And bliss is…

When I was a kid growing up on a pint-sized farm in Western Australia, I thought shoes were a grown-up horror. Bare feet were bliss.

Ah, those hot summer days feeling the dust under one’s toes, those cold wintry days of slopping along the long shallow ditch through the cow paddock pulling a home made “boat” (actually just a shaped piece of wood with a nail at the pointy end) behind me on a piece of knotted string… Ok, so I’d emerge with blue toes at the end, and have to race back to the house to get warm again, but that was half the fun.

At school, we’d take our shoes off the moment we hit the bare earth of the playground and not put them back on until the bell went to bring us inside again. The boys often wouldn’t even do that much. They’d sneak inside without shoes and at the end of the day their soles would be black because those jarrah board floors happily gave up some of their ingrained generations of oil…

Of course I paid a price for all that. I have two scars on the top of my feet still clearly visible nearly 60 years later. Whatever scars I had on the soles have long been worn off. The other price I still pay. I grew up with broad feet, typical of people who run around bare foot in their growing years.

As I have small feet otherwise, finding shoes to fit has always been a problem.

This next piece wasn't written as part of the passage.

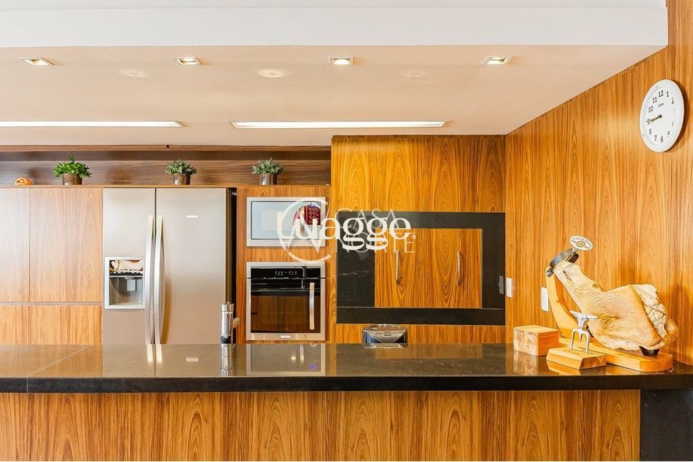 A área social se destaca pelo espaço gourmet completo, com ilha gourmet, geladeira side by side, torre quente e móveis planejados, criando um ambiente moderno e funcional. A cozinha é integrada e conta ainda com uma área de serviço separada e muito ampla.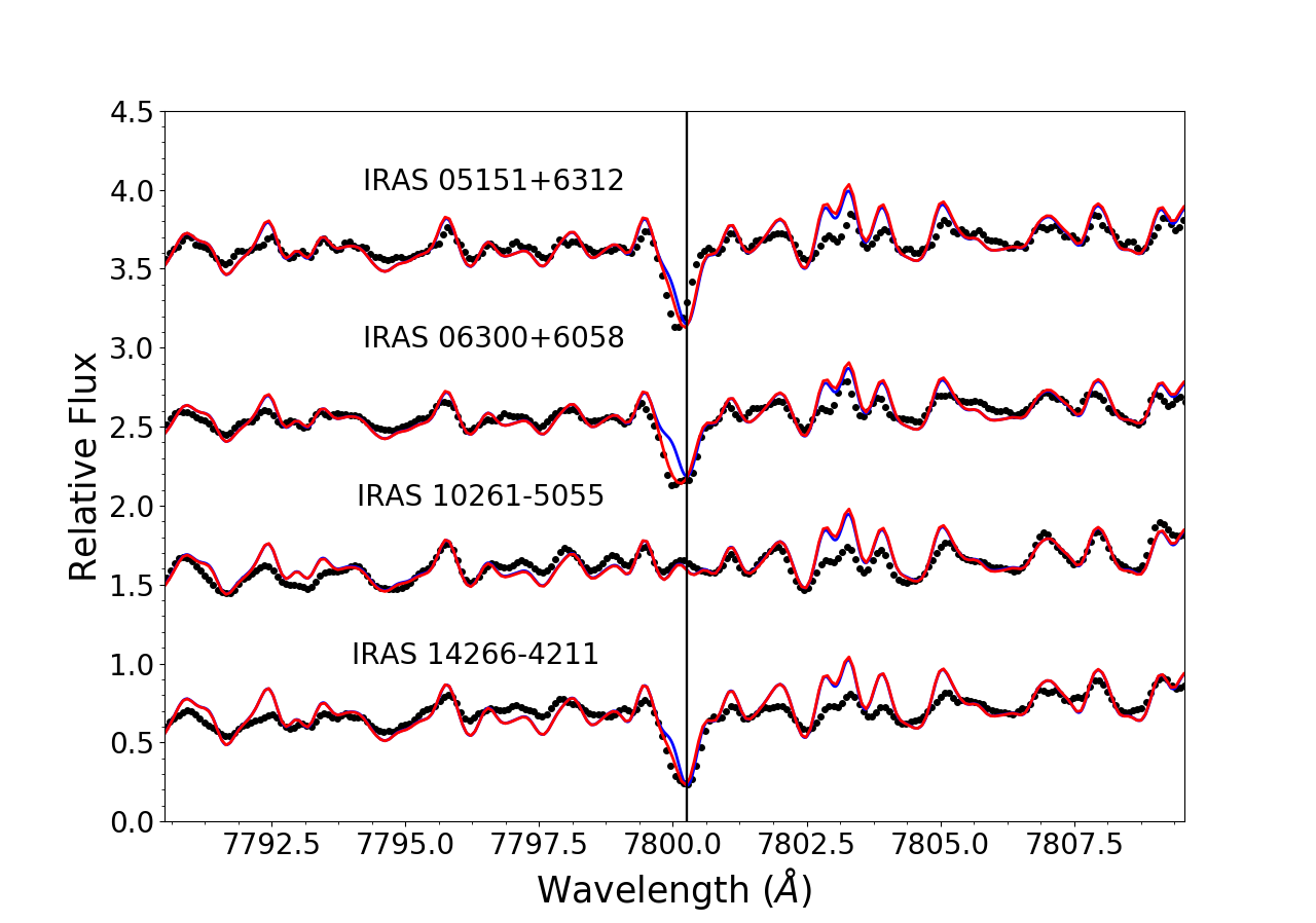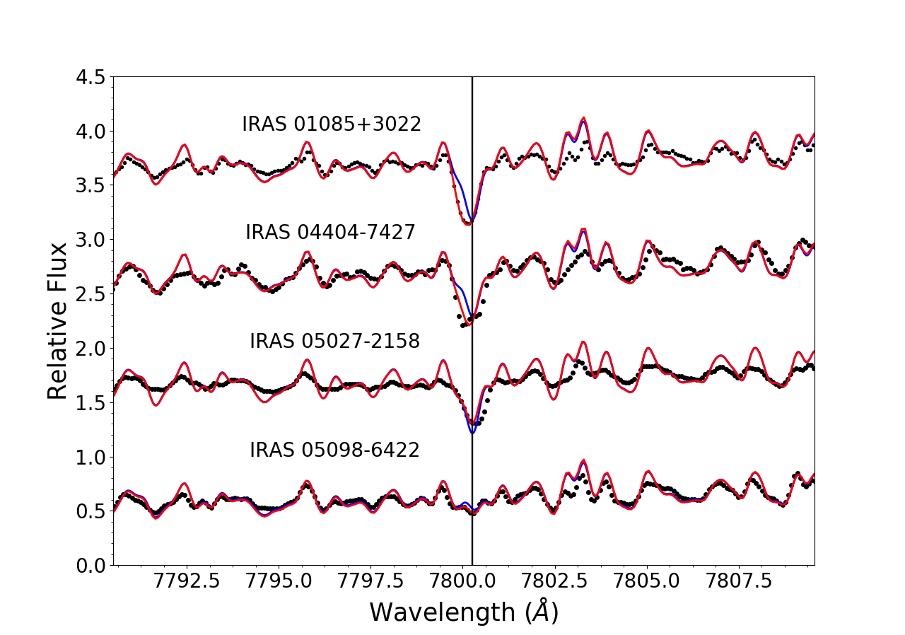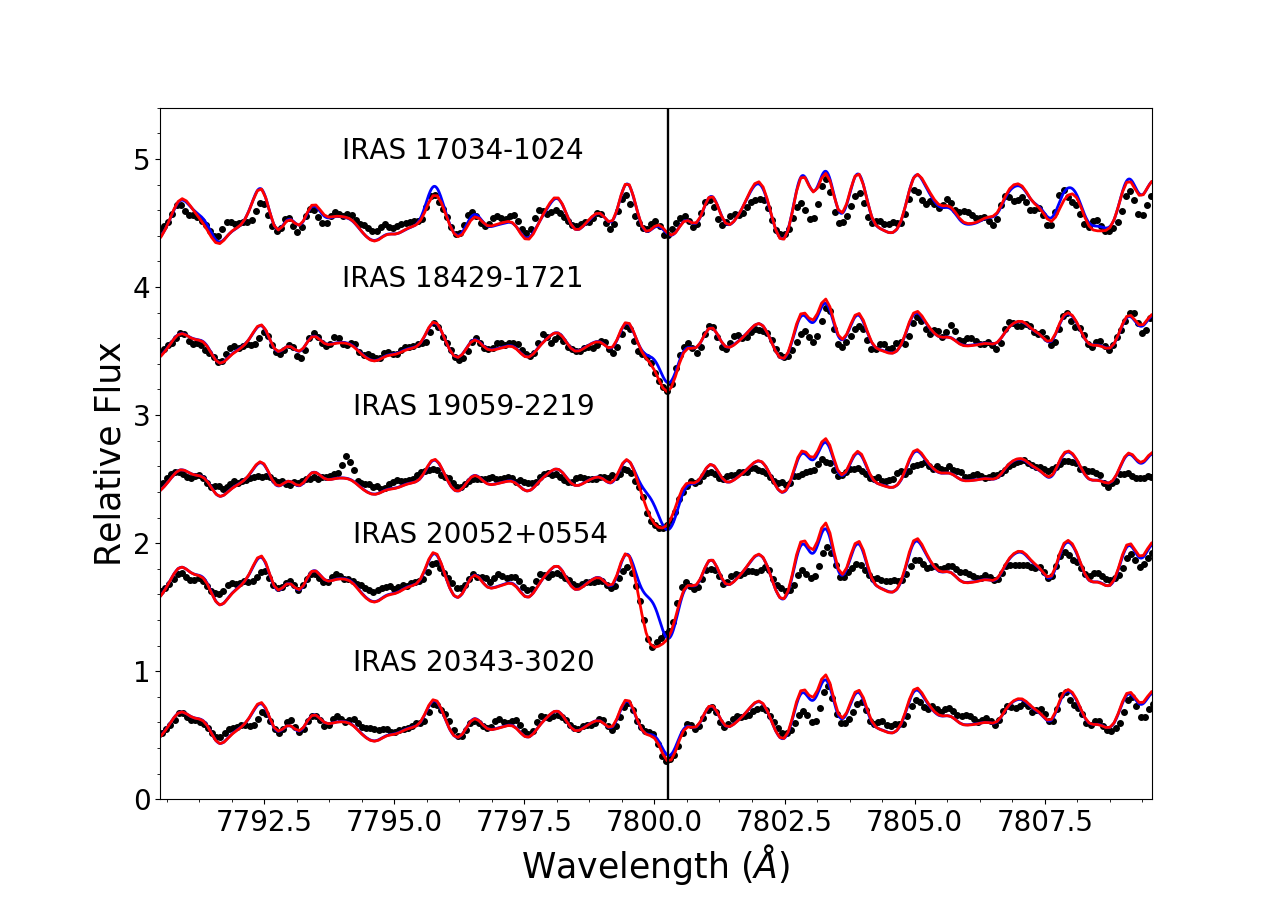 Observed spectra (black dots), best hydrostatic (blue lines) and pseudo-dynamical (red lines) fits of our sample of AGB stars in the regions of 7800 Å Rb I line (left panels) and 6474 Å ZrO bandhead (right panels). The parameters of the best fit model atmospheres are indicated in Table 3. The plots are displayed in increasing R.A. order.

Today I walked into a shoe shop, wasn’t intending to buy anything, truly – I was just waiting for my husband – and I found a brand of shoe that fitted me beautifully. And they had my size. Fifteen minutes later I walked out with three pairs of shoes that fit. And look good. And made with leather uppers. And they weren’t expensive either.

Now that is bliss.


And bliss is… — 7 Comments

  1. Didn’t meant to buy anything, yeah, as if we believe that!!!! I’m afraid I don’t do shoes any more, these days I tend to live in running shoes be it summer or winter. As they have orthotics, they are so comfortable and at my age, who cares.

  2. I empathise Glenda because I have the same problem for the same reasons as you.

    My barefeet youth nemesis.
    1. Bindi Eyes – Eye shaped thorny weeds cunningly hiding in grass.
    2. Chillblanes in winter.
    3. Disputes with my mother about waring clunky, pinching shoes to school.
    4. Plantar warts that had to be surgically removed from the soles of my feet as a teenager.
    5. Finding comfortable shoes for my wide feet even today.

    Otherwise, the sheer bliss of running around in bare feet on a farm in my youth.

  3. The only thing better than finding that serendipitous pair of shoes would be finding the perfect handbag to match…..mmmmmm, love handbags!!!!

  4. Bare feet it’s soo cool ^^ i would always wear it that way if i could too!

    My favourites shoes are the flip-flops one, isn’t it funny for someone who has been a shoe seller a few years ! I’ve seen so many people with painfull shoes because they prefer to look nice.Wearing some comfortable shoes is really so important, otherwise you get your feet distorted (can we say distorted en english for feet ?)

    In france there is a saying ‘c’est souvent le cordonnier le plus mal chaussĂ©’ in english i’ve discovered this translation “The shoemaker’s children are often shoeless” ^^

  5. Are bindi eyes the same thing as double gees? They were the nemesis of my childhood. They are caltrops with dagger sharp thorns, at least one of which was always turned upwards. They are hard and strong enough to stab through layers of hard sole (de rigeur for a constantly barefoot child) and still draw blood. I loathed the things.

    And Gynie, sexy or not, I have always hated high heels, even though I have worn them at times. I guess I just like comfort too much…

  6. Gynie that means that the shoemakers children are often too poor to be able to afford shoes not going barefoot for preference.

    Flip Flops are very very bad for your feet according to my foot nurse.